American skateboard company

Almost Skateboards is an American skateboard company founded by professional skateboarders and business partners Rodney Mullen and Daewon Song. The company manufactures skateboard decks using 7-ply, 8-ply, and carbon fiber constructions, while the decks are bound with resin epoxy glue. As of November 2014, the brand is distributed by Dwindle Distribution.

==History==

===2003–2006: Formation, Round Three, Cheese & Crackers===
Almost Skateboards was founded in 2003 by Mullen and Song after leaving their previous companies, enjoi and Artafact, respectively. Mullen explained in July 2014 that he knew in his "heart" that the founder of enjoi, Marc Johnson, wanted to leave the company. After he received the news from a friend of Johnson's, Mullen—who had been thinking about collaborating with Song prior to Johnson's departure, as the pair had been skateboarding together over a long period of time—called Song:

I wanted so badly to do something with Daewon [Song]—Daewon was my first call: "Oh man, I have bad news ... but I got some other news. I got this idea—you wanna do something together? Start something new?" And, I could hear the excitement in Daewon's voice. So, that's why it started: I'd been wanting to do it for so long! But, opportunity never really came up—until then.
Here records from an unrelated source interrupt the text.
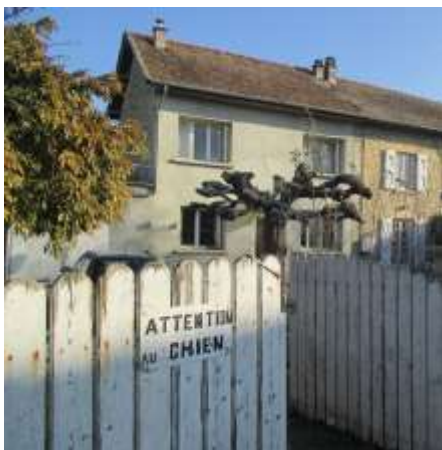
Projet de chantier du « Marais des mûres »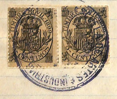
<u>GAMPUS D'ALCO</u> Jesion del 33 de Noviembre 1899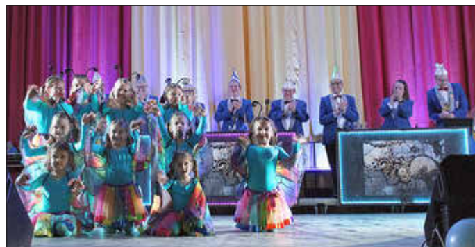
Die Mini-Showtanzgruppe und unser Elferrat bei der Kappensitzung 2023

Karten für die Kinder- und Jugendsitzung: An der Tageskasse. www.kikaju.de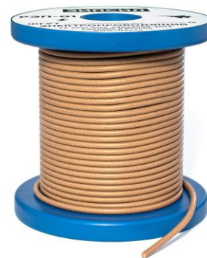
ЗИПСИЛ 201 РЭП-01 ⚡ ЭЛЕКТРОПРОВОДЯЩИЙ УПЛОТНИТЕЛЬНЫЙ ЖГУТ СИЛИКОНОВЫЙ О-ПРОФИЛЬ (ЭМС-УПЛОТНИТЕЛЬ)

The initial team also consisted of Cooper Wilt, Chris Haslam, Ryan Sheckler, Greg Lutzka. The Almost: Round Three video featured all of the brand's original team riders and was released in 2004 to launch the brand.

Lewis Marnell was introduced as the company's first amateur in 2006 through a bonus part included with the company's Cheese and Crackers video—the second Almost video release—that features Song and Haslam on a mini-ramp structure—Curtis Mayfield's "Move On Up" is the soundtrack to Marnell's part.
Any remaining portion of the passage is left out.